If the entropy per symbol is $H$, then you would need at least $Hn$ bits, on average, to compress a text of length $n$. Shannon proved this in 1948.

That's, in fact, my reasoning for why the non-extended Huffman encoding cannot work. However, what if you don't correspond each symbol $x_i$ in the source string $X$ to another symbol in the output string $Y$? Shouldn't that change things?

Also, the entropy relates to how many bits you need on average for the compression of an input string, meaning that it is possible to do better for a few, specific ones (provably so? that's what I'm trying to understand). It's okay for me to restrain the compression algorithm $C$ to a rather restricted scenario, even if unrealistic.

Shannon's source coding theorem applies to any compression scheme, not just character-by-character. If you are willing to pass to a subset, you could always restrict yourself to all-zeroes strings, which can be compressed to their length, encodable using roughly $\log n$ bits.

Hey, thanks for reaching out. Would you mind moving the conversation to the chat? Take your time, I don't want to interfere with your other duties!

I'd also like to know how entropy relates to dictionary coders. Despite all the literature I've got my hands on, the two things are seldom related to each other, so I'm not able to make certain statements as "No, LZ77 can't work here because the entropy... such and such"

Finally: yes, I'm willing to focus my attention to specific strings with a certain regularity, which is what I meant by "under what sources?" in my post title. I am new (and self-taught) to information theory so maybe I wasn't careful enough with the choice of words

If your source S is known to often send "redundant" messages, then you could dramatically compress the messages using this knowledge. As an extreme example, if every message sent by the source begins and ends with long polite formulations, you could compress the messages by omitting these formulations, or by numbering the different polite formulations and only including their number.

Another good example is images. The bitmap format stores an image as a sequence of pixels. Most other image formats dramatically compress the image compared to a bitmap. This is because the subset of sequences of pixels that correspond to what a human think of as an "image" is very small compared to the set of all possible sequences of pixels.

For instance, most images have large areas where the colour is more-or-less uniform. So, you can write down "the next 100 pixels are blue" rather than "blue, blue, blue, blue, blue, blue, blue, blue..."

(In fact, image formats can make use of fourier transforms for an even more efficient encoding that doesn't consider the pixels one by one - and if you're willing to accept a small loss in quality of the image, this can result in very lightweight images)
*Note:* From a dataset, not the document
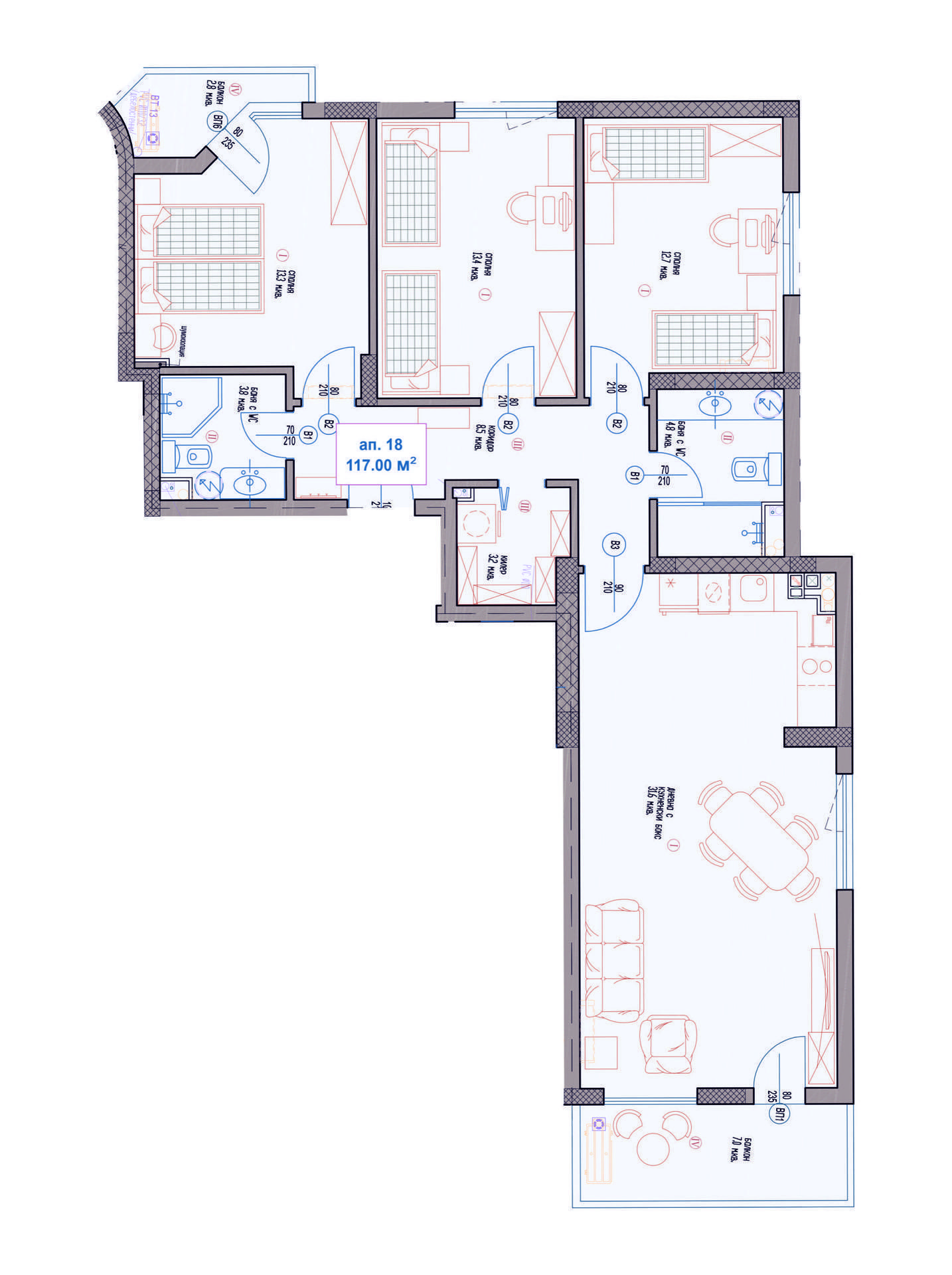 Апартамент - Дневна с кухненски бокс, три спални, баня с тоалетна,баня с тоалетна, килер,коридор, два балкона

@Stef Yes, that's the point. In other words: fix a compression algorithm $C$ (extended Huffman, LZ77, LZ78, arithmetic encoding, whatever you want...) and determine what source $S$ (however narrow) lends itself to logarithmic compression

Not sure if I'm misusing language here, but by source I mean any process producing those patterned, regular strings

You can also make some messages shorter at the cost of making other messages longer. For instance, for an alphabet of 26 letters, you need 4 bits per character in average. Consider morse-code: letter 'e' uses only 2 bits, while letters x,y,z need 5 bits each (I'm making an approximation here, More code technically uses three symbols: dot, dash, and letter-separation)

Ideally I'd like to determine an as large as possible logarithmically-compressible source $S$ for an algorithm $C$, not just giving the example of a string that can be logarithmically compressible. However, I don't need an extended theory of all sources where this is possible either

Yuval gave you an example earlier: if your algorithm counts the number of repeated characters, then any message consisting in n identical characters is compressed logarithmically

@Stef Yes, in that case $C =$ run-length encoding

Now, if you want the exact subset of all messages compressed logarithmically by this algorithm, it's a bit harder; because this is going to include all messages that contain "enough repetitions" and it's a pain to determine what "enough" means precisely

@Stef He he, if it was plain easy I wouldn't be asking for help :-)

It doesn't seem super hard either. Specifically, I worry I'm overlooking some critical piece of literature (textbook, article) that could be instrumental to the solution

It does seem hard. For one thing, I think you have to choose your constant first (the constant k so that the subset is defined as the messages that are compressed to k log2(n) at most)